No. 32 Squadron (Finnish: Lentolaivue 32 or LLv.32, from 3 May 1942 Le.Lv.32, and from 14 February 1944 No. 32 Fighter Squadron (Hävittäjälentolaivue 32, HLeLv 32)) was a fighter squadron of the Finnish Air Force during World War II. It was formed on 9 April 1940 by renaming No. 22 Squadron, which had been established during the Winter War. During the early phase of the Continuation War, the squadron, then part of Flying Regiment 3, took part in the air defence of southern and southeastern Finland and in protecting the field army advancing on the Karelian Isthmus. After the initial offensive, it flew escort missions, including during the capture of Suursaari.

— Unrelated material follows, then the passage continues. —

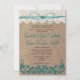 Le haut de l'invitation a une bordure en dentelle imprimée avec un arc de cercle bleu turquoise. Le papier vintage est légèrement texturé, bien qu'il s'agisse d'une invitation imprimée à plat. Ces invitations vintages à un mariage marron et turquoise sont des invitations imprimées à plat; ce n' est pas de la ficelle, ni de la dentelle. Ce design imprimé vous donne le LOOK d'une invitation en papier vintage en couches qui est attachée main avec un arc, mais avec les prix réduits d'une invitation imprimée. C'est juste un dessin imprimé, l'invitation est plate. L'arrière de l'invitation a le dessin imprimé de burlap avec le mot "Amour" en script, également en bleu turquoise. Vous pourriez changer cette formulation pour la personnaliser avec les noms de la mariée et du marié si vous le vouliez. Ces invitations à des mariages à thème country sont parfaites pour les mariages campagnards rustiques, les mariages à thème vintages, les mariages de cow-boy, les mariages de grange ou tout mariage qui utilise le burlap comme décor de réception de mariage et qui a le bleu turquoise ou turquoise comme une de leurs couleurs mariages.

In spring 1942 it was subordinated to Flying Regiment 1 and assigned to the Olonets Isthmus, where it flew interception and escort missions from Nurmoila until June 1944. After the Soviet summer offensive on the Olonets Isthmus, the squadron withdrew with the field army and flew ground-attack, reconnaissance and bomber-escort missions from several forward airfields. After the armistice it moved via Rantasalmi to Mikkeli, where it was disbanded on 4 December 1944 as the Finnish Air Force reverted to its peacetime organization.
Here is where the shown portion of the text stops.